Melodrama, unlike many of its contemporaries, resists the urge to indulge itself, and (if you just go ahead and count “Hard Feelings/Loveless” as two songs like I think you should) features none of the epic nine-minute tracks we’ve come to expect. Many of the songs (“Liability,” and “Sober II (Melodrama),” perhaps) stop even shorter of what you feel like you want it to be, as Lorde gets us wild and makes us leave to the next song. But then, there in the lazy long afternoon of the album, in a regathering of hope after the traumatic night before, Melodrama goes there, on two otherwise perfectly-fine songs, “Writer In the Dark” and “Supercut,” the latter pushing and pulling (Lorde’s raw vocal singing of the chorus from what sounds to be, like, the floor of her bathroom) into this Eluvium-style stargazy instrumental. It’s in those moments that the album feels tremendous -- the cutting, dazzling touches on songs you weren’t expecting.    

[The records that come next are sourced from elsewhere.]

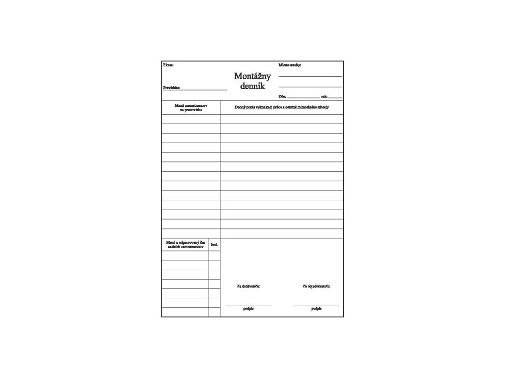 Montážny denník A4 - 100 listov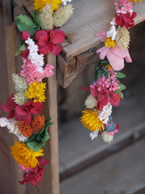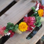 Esta es la media corona que lucirá Montse en su boda, en consonancia con su ramo de novia, que no se lo hago yo porque se casa en Badajoz, en una bodega. Durante la ceremonia llevará la corona más fina y luego en el banquete otra parecida, pero más gordita.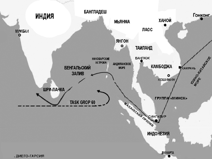 Двигаясь к условной границе Бенгальского залива, «Минск» с кораблями сопровождения свернул свои манёвры, огибая Шри-Ланку по дуге тервод, с очевидным намерением взять курс на западные румбы.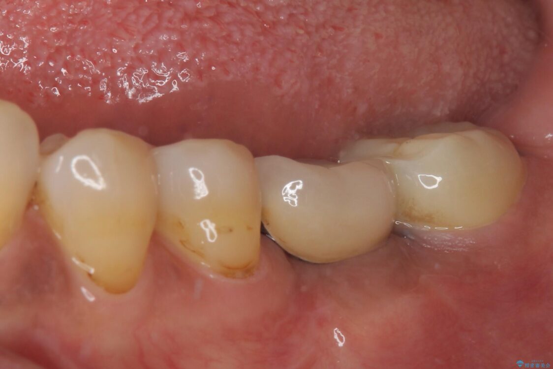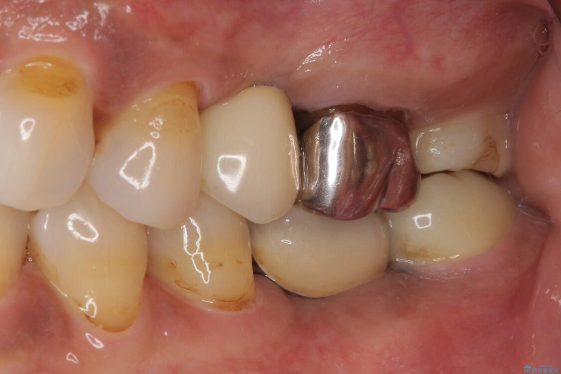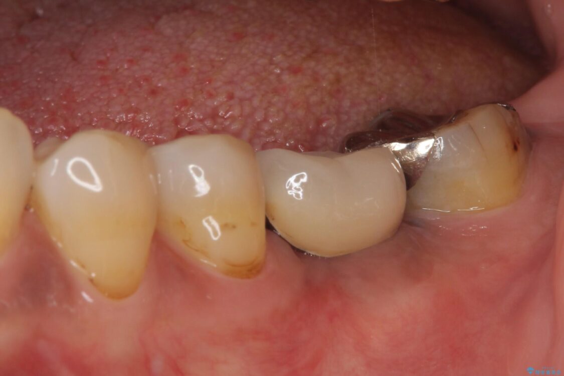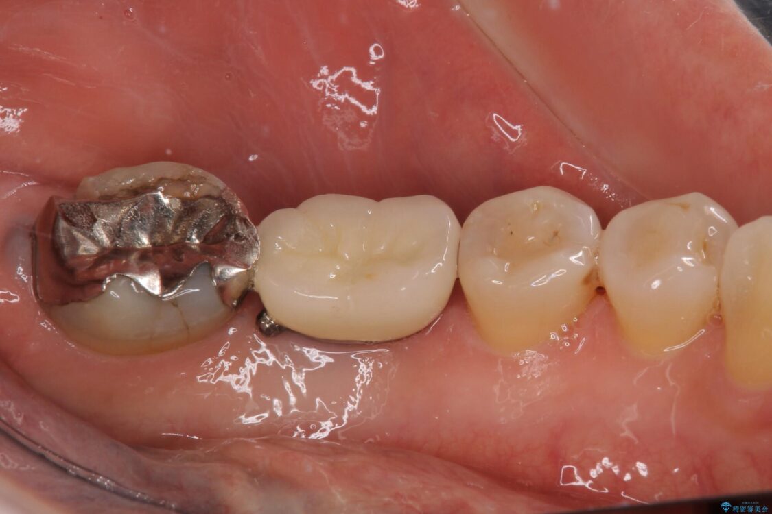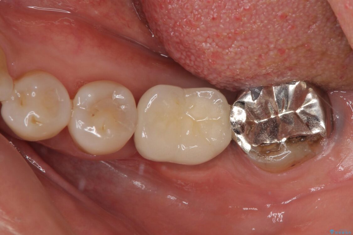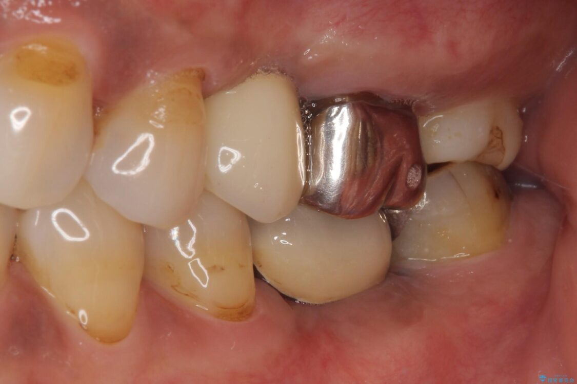 銀歯周辺の歯が欠けており、むし歯も進行している状態であったので、オールセラミッククラウンにて補綴治療を行うこととしました。

I've heard Andy Greenwald, host of The Ringer’s “The Watch” podcast, say that television show finales tell us what the show was about. And in this melodramatic mini-documentary, Lorde tells us, quite explicitly, what the album is about in the album’s penultimate and final songs.
Throughout our night together, Lorde clearly grapples with her impulses, to stay in or go out, to scream or to cry, to dance or to talk it out, where she experiences these lurching yanks between parties and the nights alone that are all too familiar to those of us who have survived life to this point. In the reprise to “Liability,” the singer posits a been-to-therapy bit of insight: “maybe all this is the party.” The part where you pace around with the curtains drawn, drinking a bottle of wine by yourself, the part where your best friend comes over to help you clean up the mess of the night before, the tears and the cries -- maybe all this is the party.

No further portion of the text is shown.